Relator describes your attitude toward your relationships. In simple terms, the Relator theme pulls you toward people you already know. You do not necessarily shy away from meeting new people—in fact, you may have other themes that cause you to enjoy the thrill of turning strangers into friends—but you do derive a great deal of pleasure and strength from being around your close friends. You are comfortable with intimacy. Once the initial connection has been made, you deliberately encourage a deepening of the relationship. You want to understand their feelings, their goals, their fears, and their dreams; and you want them to understand yours. You know that this kind of closeness implies a certain amount of risk—you might be taken advantage of—but you are willing to accept that risk. For you a relationship has value only if it is genuine. And the only way to know that is to entrust yourself to the other person. The more you share with each other, the more you risk together. The more you risk together, the more each of you proves your caring is genuine. These are your steps toward real friendship, and you take them willingly.

Im prolly slight different to different people. for instance, some people think i'm creative which i don't really think so. I've got an interest in design and all but that doesn't mean I'm creative. Maybe it's good marketing on my part. But back to the above, it reasserts what i thought was correct in the previous post. Its reassuring to have gotten that. Even though, yes i should not base my whole life on 1 test i did, but then again, we eventually aim for the highest possible education we can get and somehow or rather our whole career/life is base on that top piece of qualification.

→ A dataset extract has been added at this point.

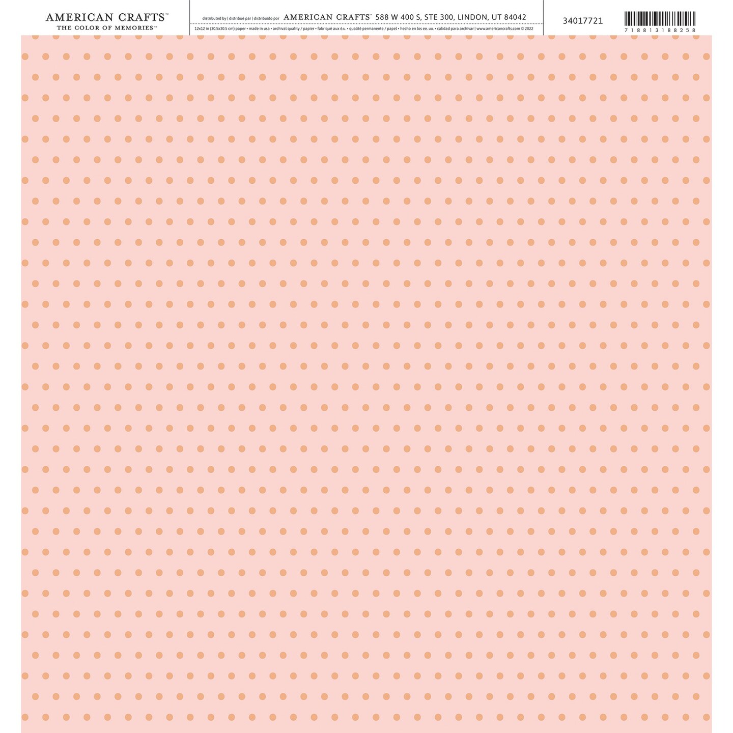 American Crafts Cardstock 12"X12"-Pink Peach Dot
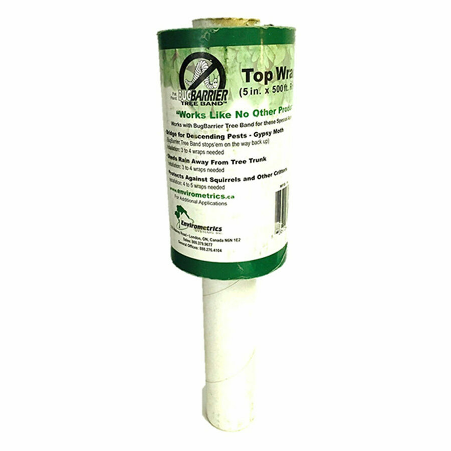 Description: This BugBarrier Top Wrap is just one component of the BugBarrier Tree Band Gypsy Moth Kit. This gives you 500' of top wrap to add to your existing materials. BugBarrier is a simple-to-install and non-poisonous approach to effectively trapping and killing a list of insects capable of defoliating full-grown trees. BugBarrier Tree Band works the entire season to catch canker worms, gypsy moths, ants or similar insects on a hidden, sticky surface that stops them from climbing trees. The product arrives in two rolls. The first is dense cotton under layer that fills crevices in the bark to detour passage above. The second roll is a sticky and wide band capable of retaining thousands of tree-killing pests during the season. Although most pest movements happen in the spring and fall, check with your local extension service to find out the correct season. Best of all, when your customer sees how effectively this product works, you can expect a call every season.

The intimacy part is up for debate, since i shy/run/speed away from any boy-boy relationship. Talking about the deliberately encouraging a deepening of relationship. This is the part that kills me. Refer to previous post, otherwise i'll just be rambling what i rambled before Again. I might not be that forthcoming with the sharing part but thats cause I've been proven quite correctly on more than a few times, that people tend to be I focus, so hey, as long as that works and deepens the r/s, okay!

Monday, January 17, 2011

The need for strong relationships

2010 ended quite dramatic if you ask me.
But reflecting on the high strung end, I've come to learn/realize a few things.
I'm happy to have the people around me. I was told today, by Mr M that he tells me everything (though i think it's almost not everything) Last night, Randale opened up to me. Which was a pleasant surprise. We've known each other for about 10 years and we have never spoken like that. So I thought about it and realize that I'm quite different from most people. I do not really have casual friends. Theres a deep bond between most of my friends and they mean a lot to me. Even my 2 colleague's, i'll consider them more as friends. I've never imagine that I'll be texting them now and then to check out how they are dealing with motherhood. Things that cannot be said within common friends within the group, I know it all. And I've become someone's bestie. (not sure if i'm happy about that or not. Being labelled means you cld fall from grace.)
So I was upset, got to know a few people last year and I can't seem to connect with them. And the point of being upset didn't seem rationale cause, there's no bond with them. The way i got to know them was not excatly condusive to built a relationship. So there really was no need to get upset. But I figured out the reason was more about that since i'm having such wonderful relationships with people. It just upsetting that the same isn't happening with them. Not so much wheather they're worth it or not or if the enviornment right for it or not.
But that's a part of reality that I need to realize. Actually I realize it but when you want to 'own' a person, it tend to not sick in. I know that it's not possible to have such relationship with people. But the realization of it being harder and harder to find new relationships, that's depressing and thus perhaps propels one to try much harder to secure 'worthy'/worthy people to create and built the bond.